Squad Leader Expansion: Crescendo of Doom: This added new western front units to the base board game including those from countries other than Britain and France. I remember the new Finish troops with high morale. I used to own this expansion. I mostly played the game solo but in my college years my roomate Will and I played Squad Leader fairly often. I've was obsessed with Squad Leader back in the 80s for it's realistic detail of military hardware and expansive rule set which allowed for a lot of realism, eg. buildings could catch fire from being shot at, troops could break morale and run, and tanks could just break down. I will reaquire this one day. 

Atari 2600's Golf and Adventure:  Golf was a very simiple game on Atari but challenging enough. Adventure was baffling and even scary at the time. Bring a bunch of items to different locations in the near idenicle set of rooms and avoid the duck-like dragon who was nevertheless terrifying as it would appear suddenly and rush you faster than you could move. 

Intellivision's Sea Battle: Some call it the first RTS. It's a ship-to-ship fighting game. You have battleships, destroyers, submarines, pt boats and a minelayer. I would play it with various neighborhood friends at the time. It was strictly a two-player game. I loved the way the game gives you a overhead veiw of the islands and then zooms in when your ship gets close to an enemy so you can fire at each other in real-time. Today I wish it had a single player option. 

1981

Wizardry: Proving Grounds of the Mad Overlord: I played this rpg on an Apple IIc around 1984 when that computer came out. It has a wire frame 3D dungeon and turn-based battles. Pictures of monsters appear during battles and your six party team has to coordinate to defeat them. The dungeon has traps, secret doors and elevators. There are only ten levels but you will have to work hard to level your characters and carefully draw the map on graph paper to get to the final rooms and meet the overlord Werdna. It's a classic RPG grind and was a lot of fun. My friend Mark and I would play it and we still do from time to time. I play it now on the NES where it's been ported to perfection. 

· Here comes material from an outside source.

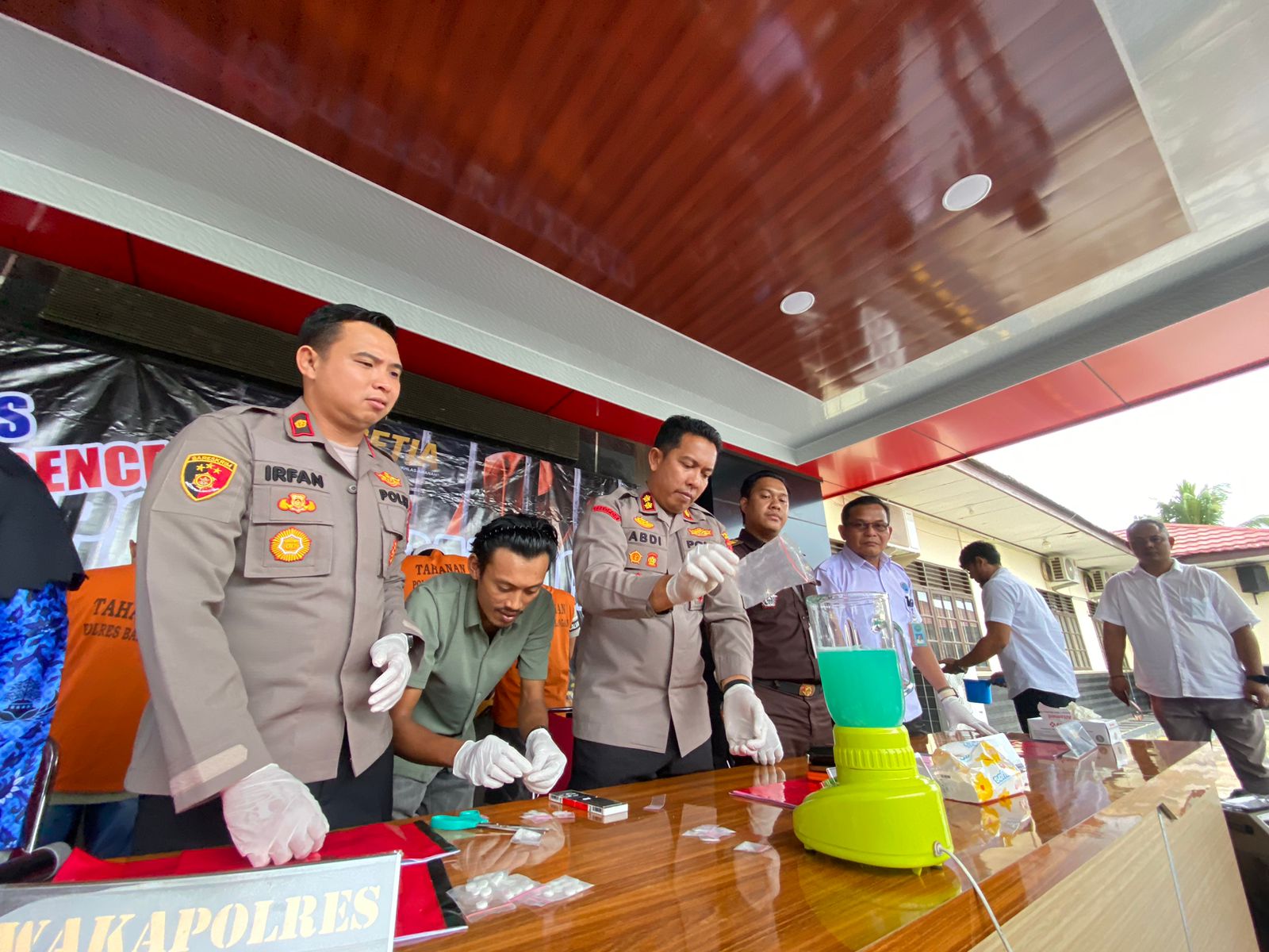 Dalam proses pemusnahan, sabu dan pil karisoprodol di hancurkan menggunakan blender yang bercampur dengan air detergen.

Atari 2600's Stampede and Activision Tennis: Stampede is far and away my favorite Atari game. I must've been a cowboy in a past life. All you do is keep the cattle from getting by you with your lasso/whip. The game speeds up as you go. You try and get as many points as you can before you let 3 cattle (doggies) pass you. Activision Tennis was a virtual extension to my real-world competitive tennis playing in the 80s. I liked that you could slice the ball to give it a curve. Action was fast too. 

1982

Front Line: You're a single soldier up against an army of enemies. It scrolls vertically and you can shoot in six directions, throw grenades and eventually get into a tank. Like many arcade games, it was hard, but I always came back to it to see how far I could get. 

Colecovision's Venture: Like many of the Colecovision's games, this was a port of an arcade game. You're just a head with a bow moving from room to room shooting every darn thing. Think RPG Berzerk. It was colorful too. I didn't see it much in the arcades so Colecovision was my go to for this game. 

1983

Xevious: Vertically scrolling shooters were my favorite of the 80s arcades. Xevious was hard scifi in design asthetic. I liked that you both shot forward and could bomb the ground. The game was hard, but I was always drawn to it in the arcade. I always made sure to spend some quality time with it as I made my rounds of all the games in the arcade and play any new ones. 

Dragon's Lair: My friend Phil and I played this together even though it was just a single player experience. We'd challenge each other to see how far we could get. It's basically a memory game. You'd be presented with different gorgeously animated Don Bluth scenes and decide what to do to make it to the next scene. Fail and you are given a cool death sequence. Eventually Phil and I defeated the game and got to the end. I forget who won. 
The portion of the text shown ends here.